**Your task**
Which lines of the listing below contain the word "Frame"? Return them.

**Record extracts**
※ ※ ※
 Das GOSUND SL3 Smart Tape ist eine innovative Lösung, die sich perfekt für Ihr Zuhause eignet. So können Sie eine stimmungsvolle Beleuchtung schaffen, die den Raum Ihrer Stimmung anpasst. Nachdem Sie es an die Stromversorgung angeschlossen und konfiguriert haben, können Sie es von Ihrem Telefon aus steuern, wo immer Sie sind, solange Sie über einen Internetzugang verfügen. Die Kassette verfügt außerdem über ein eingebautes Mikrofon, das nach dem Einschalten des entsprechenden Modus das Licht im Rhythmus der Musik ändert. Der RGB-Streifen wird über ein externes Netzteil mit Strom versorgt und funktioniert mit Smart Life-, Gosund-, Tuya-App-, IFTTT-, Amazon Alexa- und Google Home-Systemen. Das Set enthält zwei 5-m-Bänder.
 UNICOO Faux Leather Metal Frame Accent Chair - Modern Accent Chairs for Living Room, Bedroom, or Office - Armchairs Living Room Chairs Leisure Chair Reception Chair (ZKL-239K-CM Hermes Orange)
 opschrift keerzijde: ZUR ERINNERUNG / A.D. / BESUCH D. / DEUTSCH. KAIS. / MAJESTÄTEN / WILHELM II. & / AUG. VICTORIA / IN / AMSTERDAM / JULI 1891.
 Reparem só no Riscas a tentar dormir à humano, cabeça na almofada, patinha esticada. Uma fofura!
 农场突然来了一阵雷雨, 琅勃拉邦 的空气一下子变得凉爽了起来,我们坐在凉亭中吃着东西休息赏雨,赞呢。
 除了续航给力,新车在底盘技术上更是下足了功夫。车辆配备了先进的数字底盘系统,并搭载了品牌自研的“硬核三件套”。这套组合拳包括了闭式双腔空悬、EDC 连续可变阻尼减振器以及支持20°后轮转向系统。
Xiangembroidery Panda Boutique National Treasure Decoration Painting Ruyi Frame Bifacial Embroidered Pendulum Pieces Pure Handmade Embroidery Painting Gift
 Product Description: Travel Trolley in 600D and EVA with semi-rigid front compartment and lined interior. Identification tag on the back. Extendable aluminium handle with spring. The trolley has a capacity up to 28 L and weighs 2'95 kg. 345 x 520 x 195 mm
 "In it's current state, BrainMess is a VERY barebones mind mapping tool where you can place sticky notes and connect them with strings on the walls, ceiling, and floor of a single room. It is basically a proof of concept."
※ ※ ※
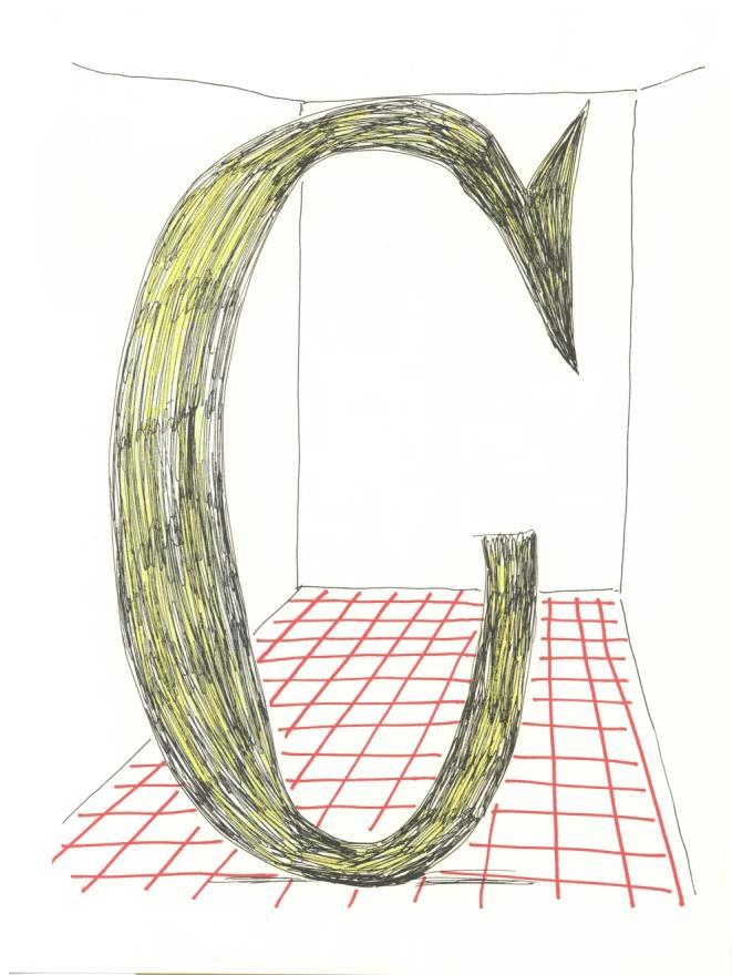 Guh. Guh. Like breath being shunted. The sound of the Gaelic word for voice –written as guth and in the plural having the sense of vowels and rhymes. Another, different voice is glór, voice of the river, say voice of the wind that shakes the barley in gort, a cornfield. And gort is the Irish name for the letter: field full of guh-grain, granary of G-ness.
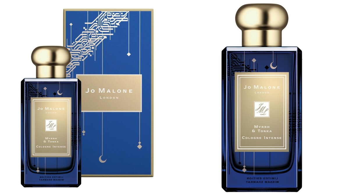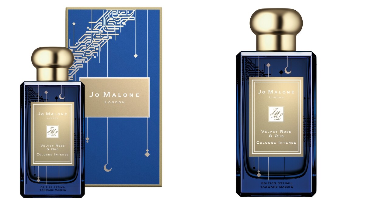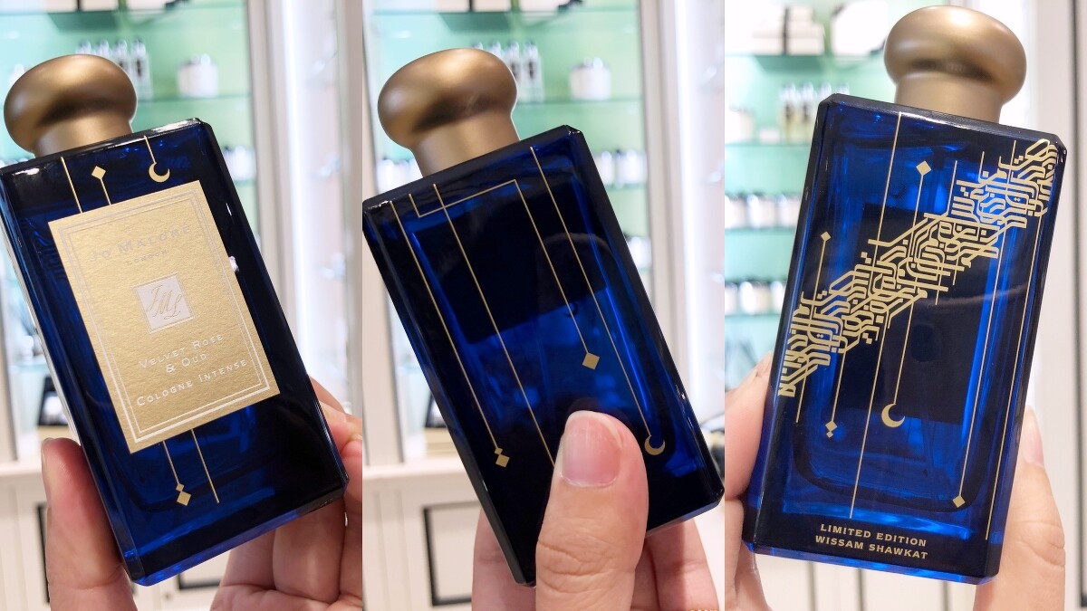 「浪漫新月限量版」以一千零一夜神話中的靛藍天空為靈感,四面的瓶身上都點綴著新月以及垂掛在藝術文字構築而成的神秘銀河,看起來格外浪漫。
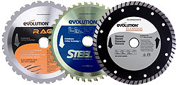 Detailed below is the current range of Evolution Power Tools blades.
※ ※ ※
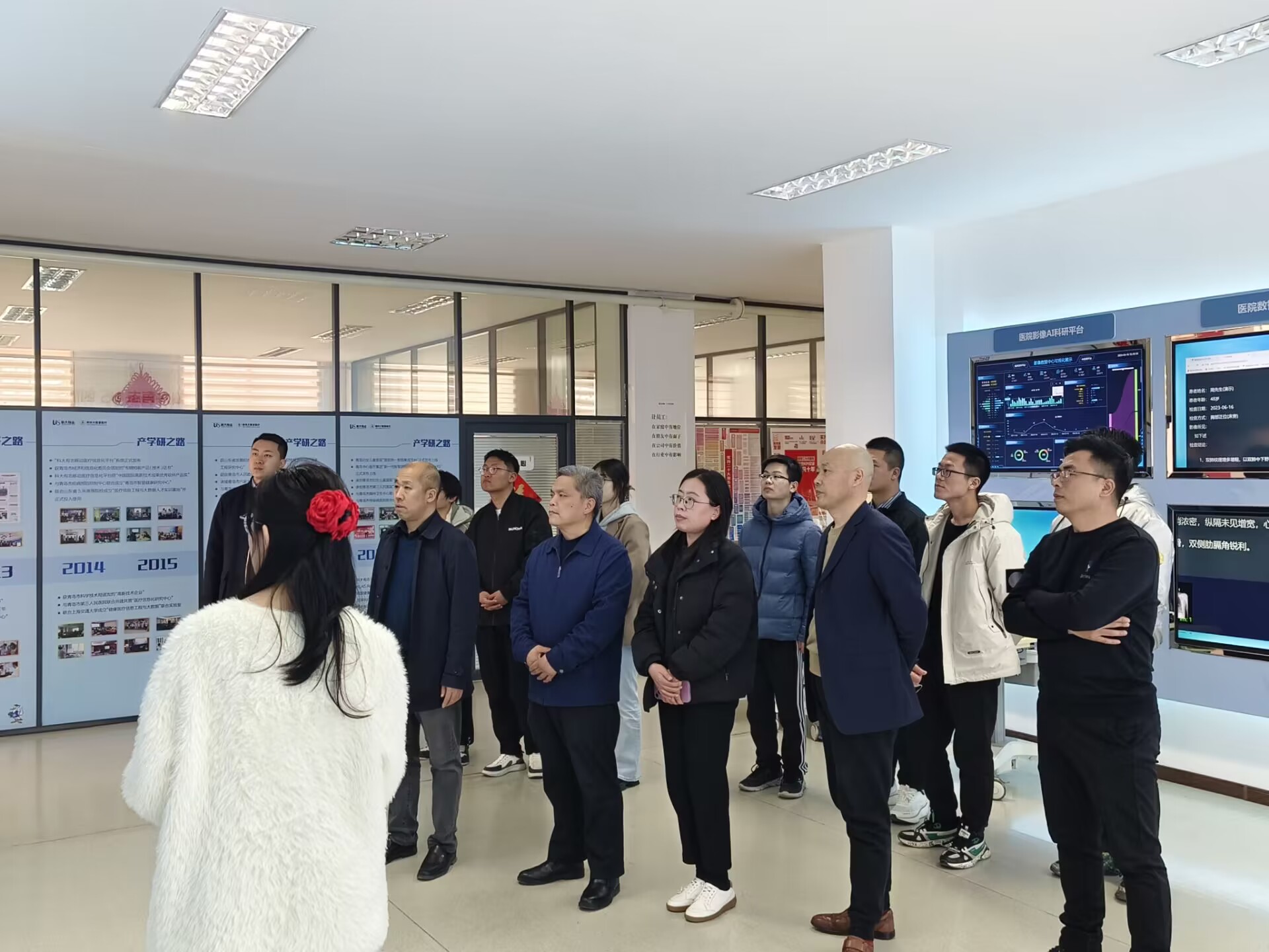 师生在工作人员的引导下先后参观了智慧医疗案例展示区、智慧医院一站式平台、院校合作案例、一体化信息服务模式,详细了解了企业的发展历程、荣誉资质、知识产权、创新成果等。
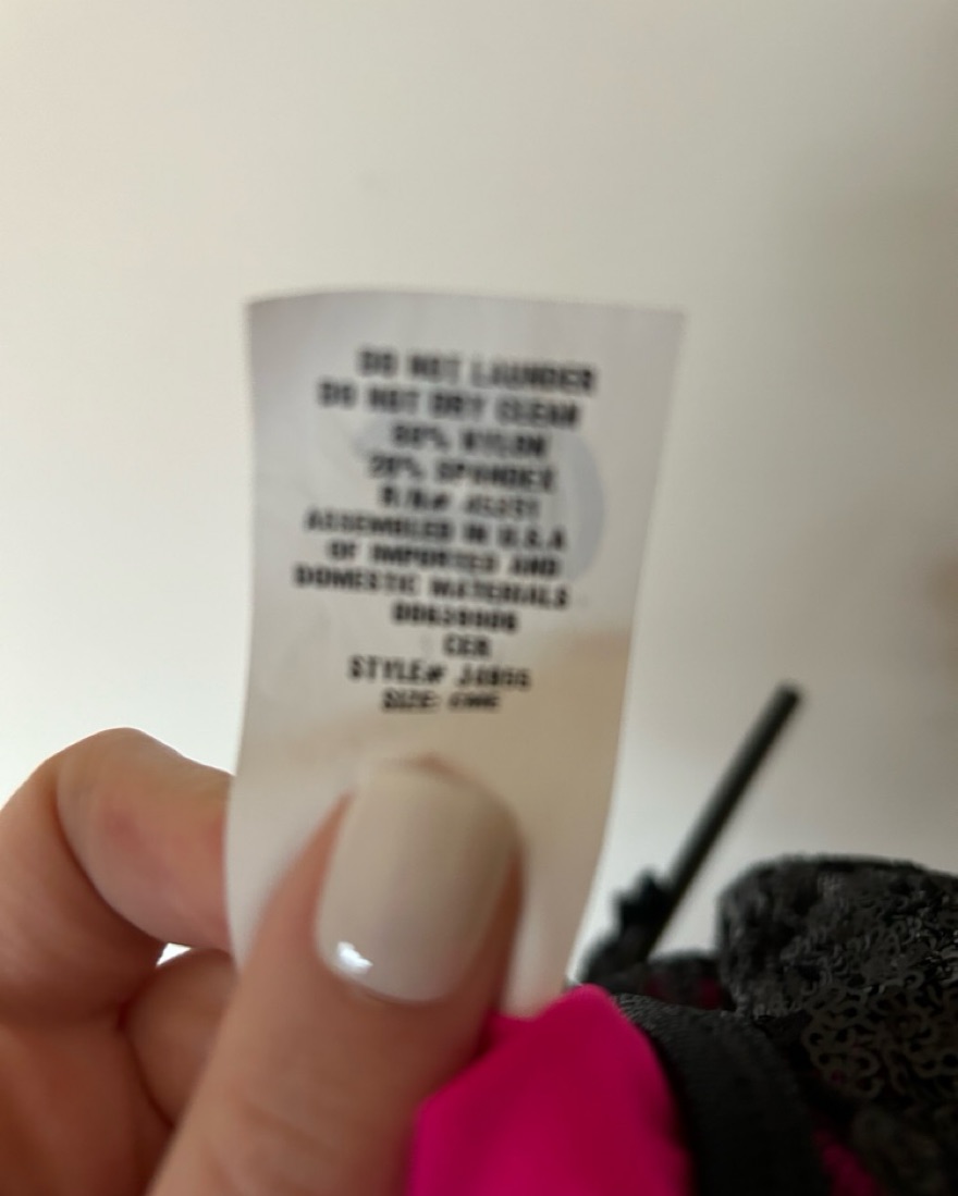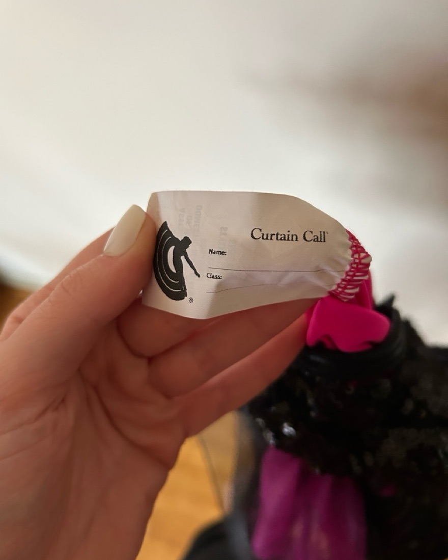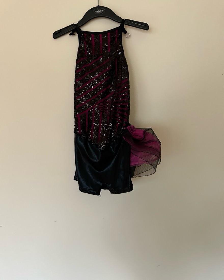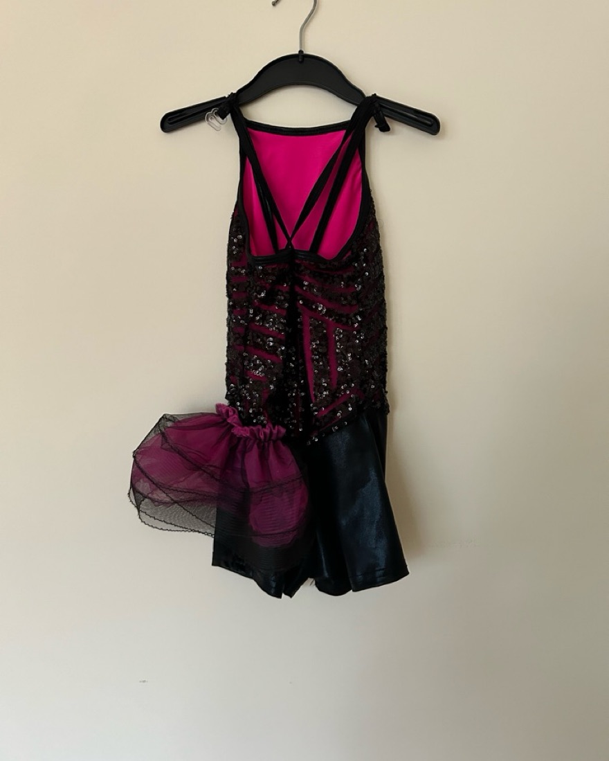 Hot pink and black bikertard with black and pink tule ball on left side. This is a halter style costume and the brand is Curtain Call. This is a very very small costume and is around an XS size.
※ ※ ※
**Completed exercise**
 UNICOO Faux Leather Metal Frame Accent Chair - Modern Accent Chairs for Living Room, Bedroom, or Office - Armchairs Living Room Chairs Leisure Chair Reception Chair (ZKL-239K-CM Hermes Orange)
Xiangembroidery Panda Boutique National Treasure Decoration Painting Ruyi Frame Bifacial Embroidered Pendulum Pieces Pure Handmade Embroidery Painting Gift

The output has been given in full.